Multiple Requests with Same Cache
You can reuse the same cached content across multiple requests:
from google.genai import types
# First request
response1 = client.models.generate_content(
model='gemini-2.5-flash',
contents='What are the main topics in the pdfs?',
config=types.GenerateContentConfig(
cached_content=cached_content.name,
),
)
# Second request with different question
response2 = client.models.generate_content(
model='gemini-2.5-flash',
contents='List the key findings from the pdfs',
config=types.GenerateContentConfig(
cached_content=cached_content.name,
),
)
# Third request
response3 = client.models.generate_content(
model='gemini-2.5-flash',
contents='Compare the methodologies in both pdfs',
config=types.GenerateContentConfig(
cached_content=cached_content.name,
),
)
Each request benefits from the cached content without reprocessing the PDFs.
Listing Caches
View all your cached content:
caches = client.caches.list()
for cache in caches:
print(f"Name: {cache.name}")
print(f"Display name: {cache.display_name}")

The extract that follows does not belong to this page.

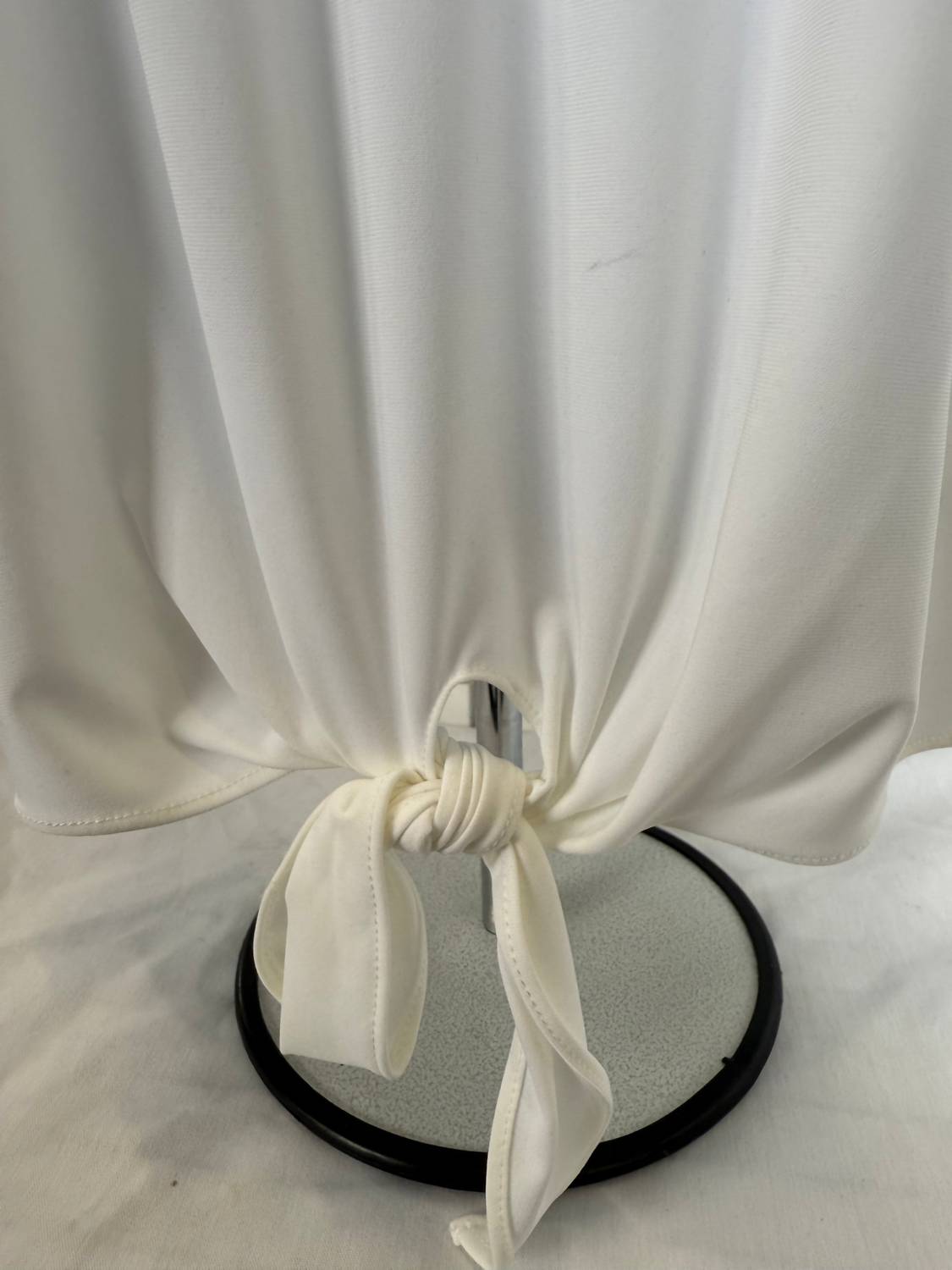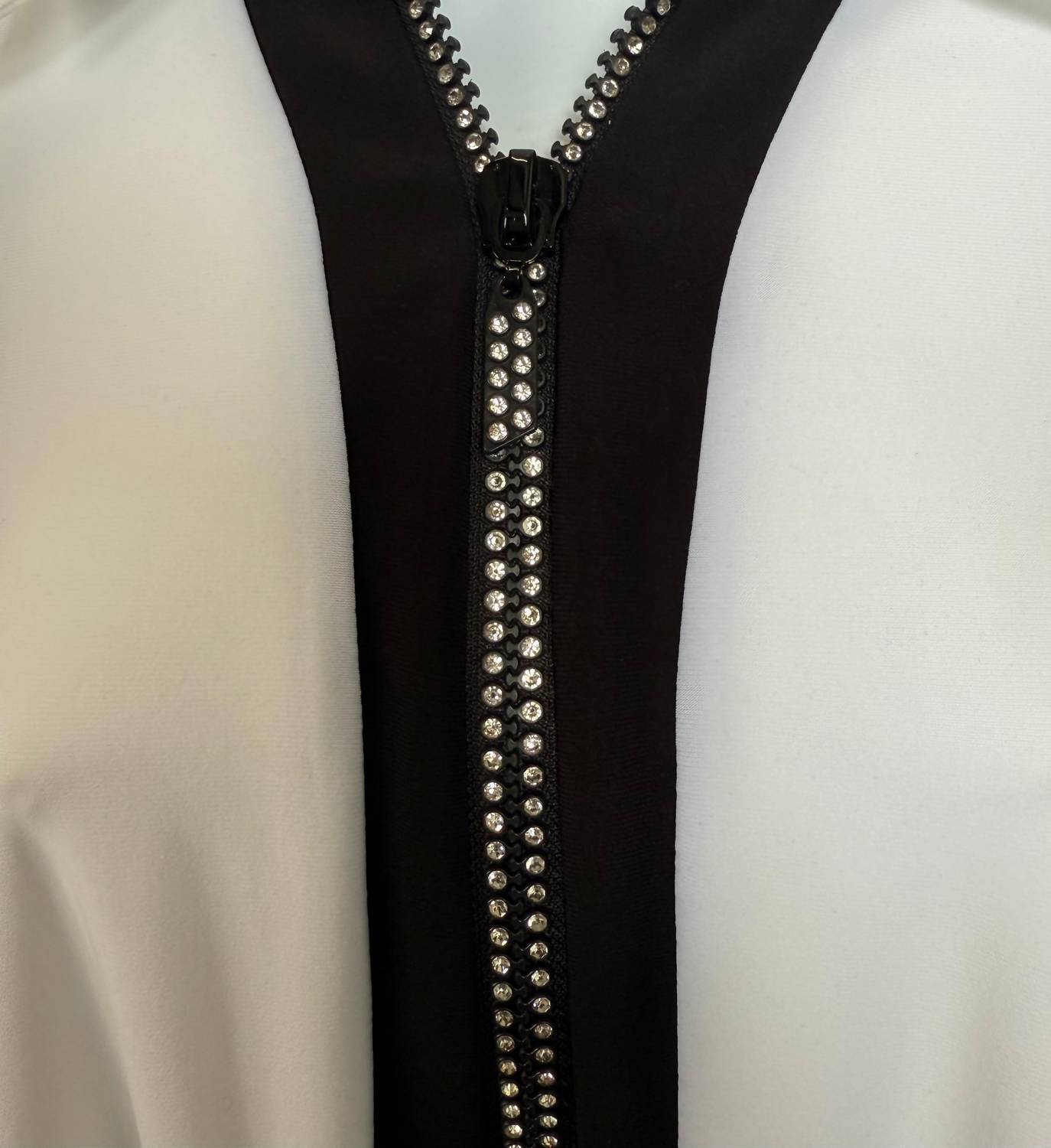 This classic, short sleeve tee will be your go-to staple this season and beyond. Elevate your wardrobe with the Frank Lyman Short-sleeved Top, a chic addition for any occasion. Crafted in a solid white hue, this piece features short sleeves and boasts rhinestone detailing complemented by a stylish black zip closure. The design is finished with a knot tie at the waist for added flair.

print(f"Expires at: {cache.expire_time}")
Updating Cache TTL
Extend the lifetime of a cache:
from google.genai import types
updated_cache = client.caches.update(
name=cached_content.name,
config=types.UpdateCachedContentConfig(
ttl='7200s', # Extend to 2 hours
),
)
Deleting Cached Content
Manually delete a cache before it expires:
client.caches.delete(name=cached_content.name)
Best Practices
- Cache large content: Only cache content that’s large enough to benefit from caching (typically > 10K tokens)

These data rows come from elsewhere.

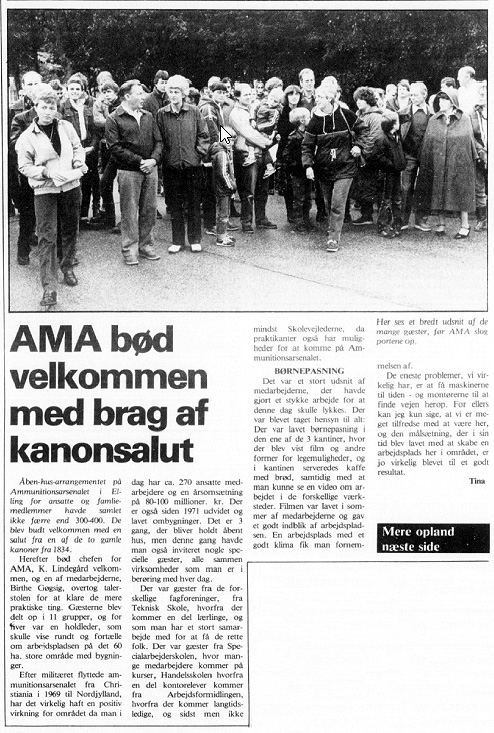 I 1983 var der et åben-hus-arrangement for de ansatte og deres familiemedlemmer på Ammunitionsarsenalet. Efter velkomsttalen af chefen overtog Birthe talerstolen for at klare de mere praktiske ting.
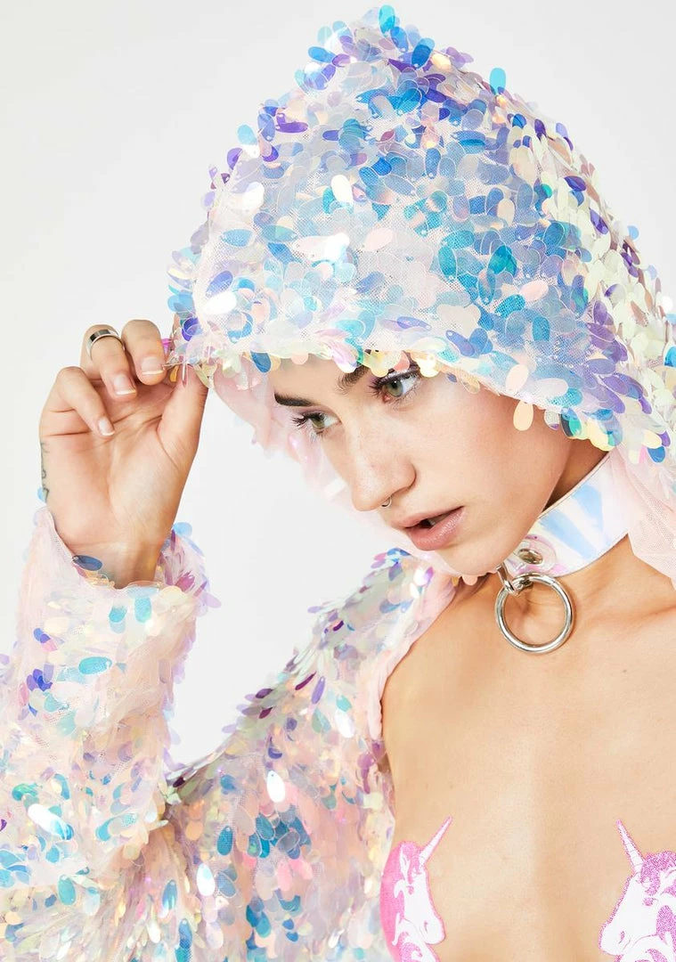 will have ya glowinâ on the dancefloor babe! Do more than just sparkle in this hooded shrug that has an opalescent hologram sequin construction, an open front, and different light up modes. WARNING: May Cause MOOP!
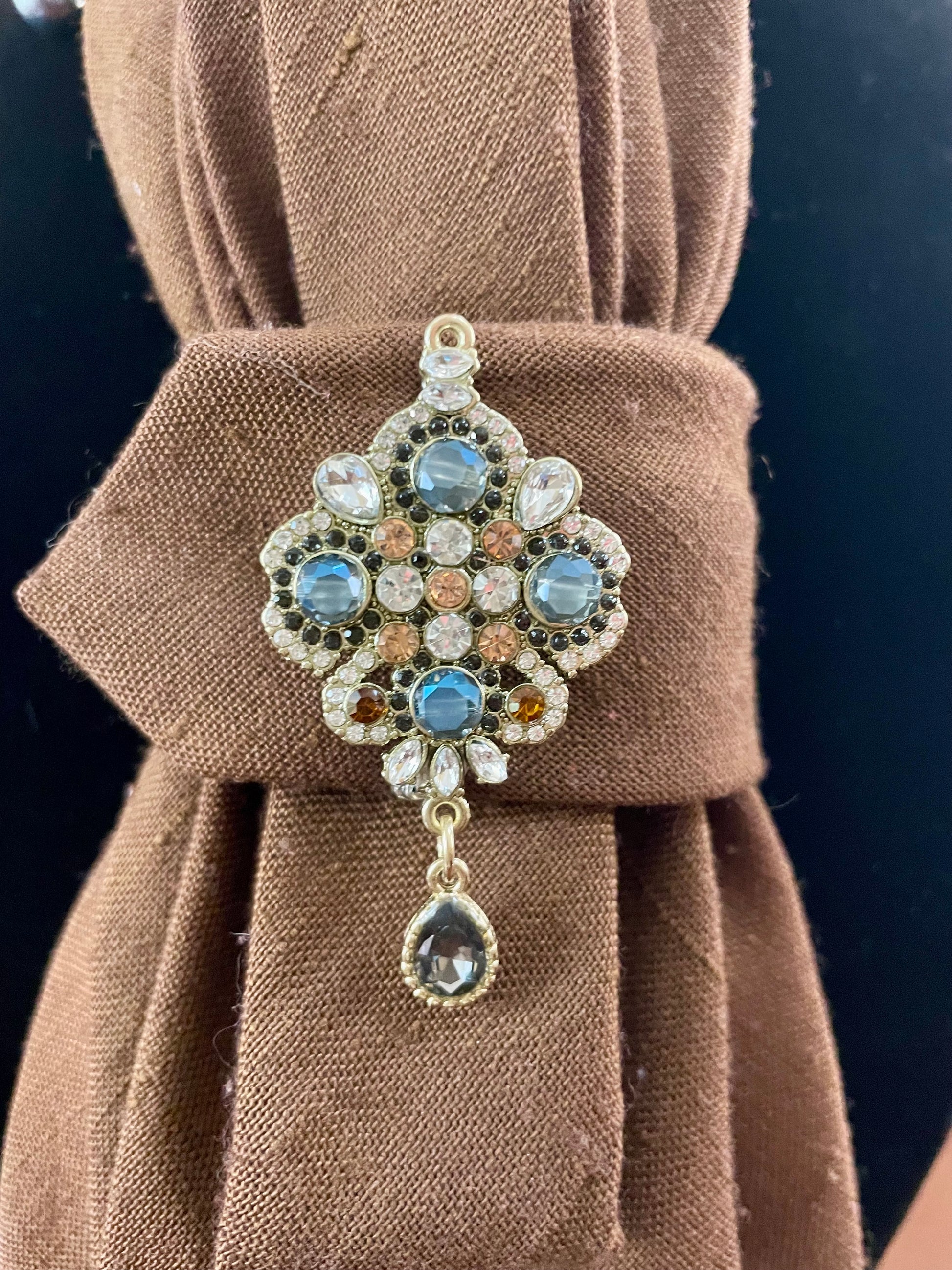 This solid mocha brown vintage Marquis necktie may have seen its day, but its best years are ahead! Repurposed as a necktie necklace, this tie is pinned with a grey and brown sparkly brooch and hangs from a vintage grey and black glass beaded necklace with silver metal links and intermittent pearls for the perfect up-cycle vibe!

- Set appropriate TTL: Balance between cache availability and cost
- Reuse caches: Use the same cache across multiple requests to maximize benefits
- Monitor expiration: Track cache expiration times and recreate as needed
- Cache stable content: Best for content that doesn’t change frequently
Common Use Cases
Long Documents
Cache large documents for Q&A:
from google.genai import types
# Create cache with document
cached_content = client.caches.create(
model='gemini-2.5-flash',
config=types.CreateCachedContentConfig(
contents=[
types.Content(
role='user',
parts=[types.Part.from_uri(
file_uri='gs://path/to/large-document.pdf',
mime_type='application/pdf'
)],
)
],
display_name='Product documentation',
ttl='86400s', # Cache for 24 hours
),
)
# Ask multiple questions
for question in questions:
response = client.models.generate_content(
model='gemini-2.5-flash',
contents=question,
config=types.GenerateContentConfig(
cached_content=cached_content.name,
),
)
print(response.text)
System Instructions
Cache system instructions for consistent behavior:
from google.genai import types
# Cache system instructions
cached_content = client.caches.create(
model='gemini-2.5-flash',
config=types.CreateCachedContentConfig(
contents=[],
system_instruction='You are a helpful coding assistant that follows best practices...',
display_name='Coding assistant persona',
ttl='86400s',
),
)
# Use for multiple conversations
response = client.models.generate_content(
model='gemini-2.5-flash',
contents='How do I write a Python decorator?',
config=types.GenerateContentConfig(
cached_content=cached_content.name,
),
)
Knowledge Base
Cache multiple documents as a knowledge base:
from google.genai import types
# Cache multiple documents
cached_content = client.caches.create(
model='gemini-2.5-flash',
config=types.CreateCachedContentConfig(
contents=[
types.Content(
role='user',
parts=[
types.Part.from_uri(
file_uri=uri,
mime_type='application/pdf'
)
for uri in document_uris
],
)
],
display_name='Company knowledge base',
ttl='604800s', # 7 days
),
)
Cost Optimization
Caching reduces costs significantly for repeated content:
- First request: Normal token pricing for cached content
- Subsequent requests: Discounted pricing for cached tokens
- Threshold: Caching is cost-effective when content is reused 2+ times
Cache tokens are counted separately from prompt and output tokens. Cached content typically costs much less than regular prompt tokens.